[Try it]
Would you set down the data that follows, word for word, without any pictures?

[Given material]
* * * * *

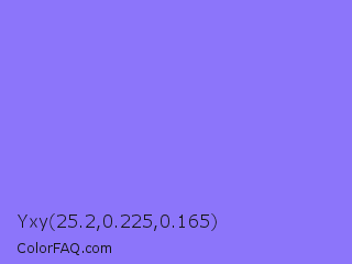 Yxy 25.2,0.225,0.165 Color is a light indigo color and the nearest color is Medium Slate Blue #7b68ee. Hex code #8c75fa and RGB value is rgb(140,117,250). In RGB color space, this color is composed of 55% red, 46% green, 98% blue, In CMYK color space, this color is composed of 44% cyan, 53% magenta, 0% yellow , 2% black , In HSL color space, this color has a hue angle of 250° , 93% saturation and 72% lightness.
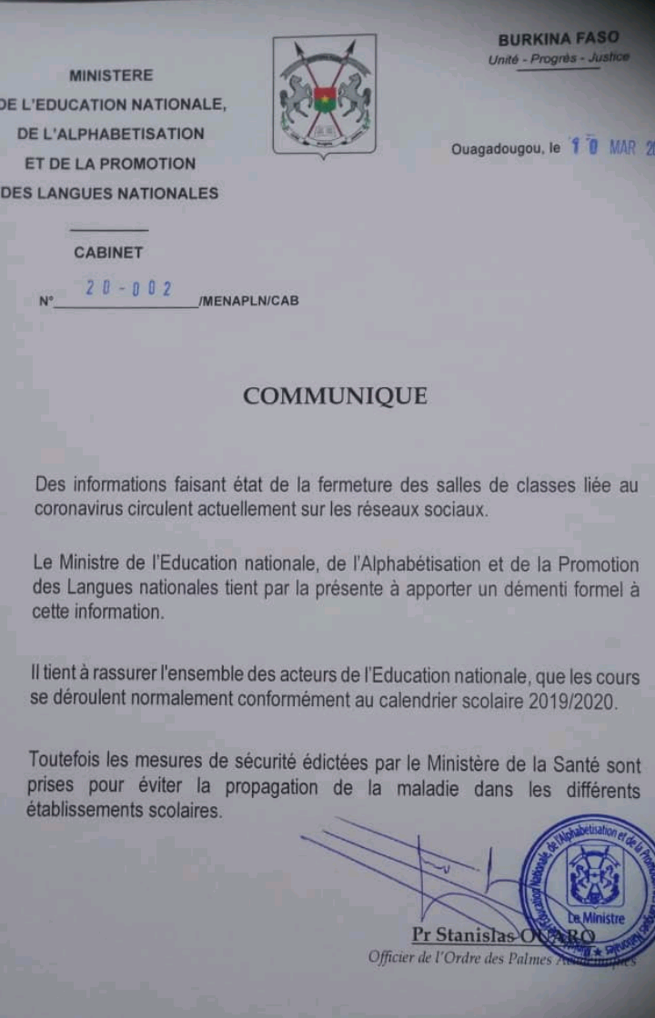 Le ministère burkinabè de l’éducation nationale a démenti ce 10 mars 2020 les rumeurs sur la fermeture des salles de classes pour cause de Coronavirus.
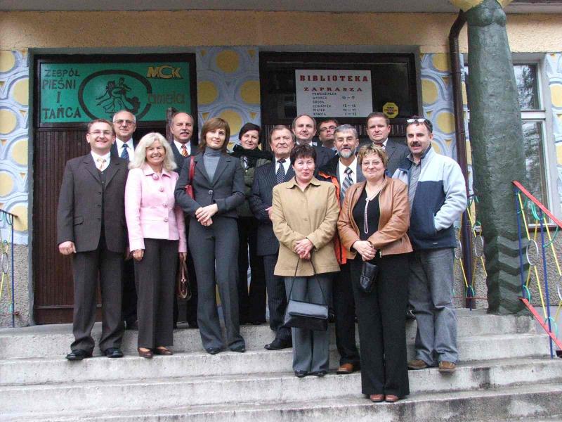 Delegacja w składzie: Aleksander Kaletka – Wójt Gminy, Edward Dudek – Przewodniczący Rady Gminy, Maciej Krakowiński – Sekretarz Gminy, Barbara Pietrysko – Skarbnik Gminy, radni gminni – Małgorzata Szczotka, Leon Niewiadomy, Janusz Słowy, Damian Dudys, Marek Jurasz – Dyrektor GOK, Wiesław Jakubiec – dyrektor Gimnazjum w Wieprzu, miała okazję zapoznać się z urokami Mieroszowa i Ziemi Wałbrzyskiej, poznać specyfikę gminy, działalności oświatowej, kulturalnej i sportowej. Napięty program pobytu delegacji pozwolił na obejrzenie wielu ciekawych miejsc i obiektów: Sokołowska (gdzie delegacja brała udział w odsłonięciu tablicy pamiątkowej poświęconej mieszkającemu tam jakiś czas Krzysztofowi Kieślowskiemu oraz brała udział w wystawie i obejrzała cerkiew św. Michała Archanioła), Rybnicy Leśnej z zabytkowym kościołem, kamieniołomami i kompleksem sportowo-turystycznym ze schroniskiem na Andrzejówce znanym z wielkich imprez narciarstwa biegowego – Biegu Gwarków. Delegacja zwiedzała też jeden z podziemnych kompleksów Riese budowanych przez hitlerowców w Górach Sowich oraz Zamek i stadninę koni w Książu. Uczestnicy spotkania mieli też możliwość zapoznania się z aktywnie rozwijającą się bazą agroturystyczną na tym terenie. Delegacja gminy Radziechowy-Wieprz brała też udział w koncercie ZPiT “Camela”i grup tanecznych z MCK w Mieroszowie ( w koncercie wystąpiła również Kapela “Grojcowianie” z Wieprza) oraz w oficjalnym spotkaniu z samorządowcami gminy Mieroszów gdzie w przyjaznej atmosferze nastąpiła wymiana doświadczeń i okolicznościowych upominków.

* * * * *

[Response to the task]
 Yxy 25.2,0.225,0.165 Color is a light indigo color and the nearest color is Medium Slate Blue #7b68ee. Hex code #8c75fa and RGB value is rgb(140,117,250). In RGB color space, this color is composed of 55% red, 46% green, 98% blue, In CMYK color space, this color is composed of 44% cyan, 53% magenta, 0% yellow , 2% black , In HSL color space, this color has a hue angle of 250° , 93% saturation and 72% lightness.
 Le ministère burkinabè de l’éducation nationale a démenti ce 10 mars 2020 les rumeurs sur la fermeture des salles de classes pour cause de Coronavirus.
 Delegacja w składzie: Aleksander Kaletka – Wójt Gminy, Edward Dudek – Przewodniczący Rady Gminy, Maciej Krakowiński – Sekretarz Gminy, Barbara Pietrysko – Skarbnik Gminy, radni gminni – Małgorzata Szczotka, Leon Niewiadomy, Janusz Słowy, Damian Dudys, Marek Jurasz – Dyrektor GOK, Wiesław Jakubiec – dyrektor Gimnazjum w Wieprzu, miała okazję zapoznać się z urokami Mieroszowa i Ziemi Wałbrzyskiej, poznać specyfikę gminy, działalności oświatowej, kulturalnej i sportowej. Napięty program pobytu delegacji pozwolił na obejrzenie wielu ciekawych miejsc i obiektów: Sokołowska (gdzie delegacja brała udział w odsłonięciu tablicy pamiątkowej poświęconej mieszkającemu tam jakiś czas Krzysztofowi Kieślowskiemu oraz brała udział w wystawie i obejrzała cerkiew św. Michała Archanioła), Rybnicy Leśnej z zabytkowym kościołem, kamieniołomami i kompleksem sportowo-turystycznym ze schroniskiem na Andrzejówce znanym z wielkich imprez narciarstwa biegowego – Biegu Gwarków. Delegacja zwiedzała też jeden z podziemnych kompleksów Riese budowanych przez hitlerowców w Górach Sowich oraz Zamek i stadninę koni w Książu. Uczestnicy spotkania mieli też możliwość zapoznania się z aktywnie rozwijającą się bazą agroturystyczną na tym terenie. Delegacja gminy Radziechowy-Wieprz brała też udział w koncercie ZPiT “Camela”i grup tanecznych z MCK w Mieroszowie ( w koncercie wystąpiła również Kapela “Grojcowianie” z Wieprza) oraz w oficjalnym spotkaniu z samorządowcami gminy Mieroszów gdzie w przyjaznej atmosferze nastąpiła wymiana doświadczeń i okolicznościowych upominków.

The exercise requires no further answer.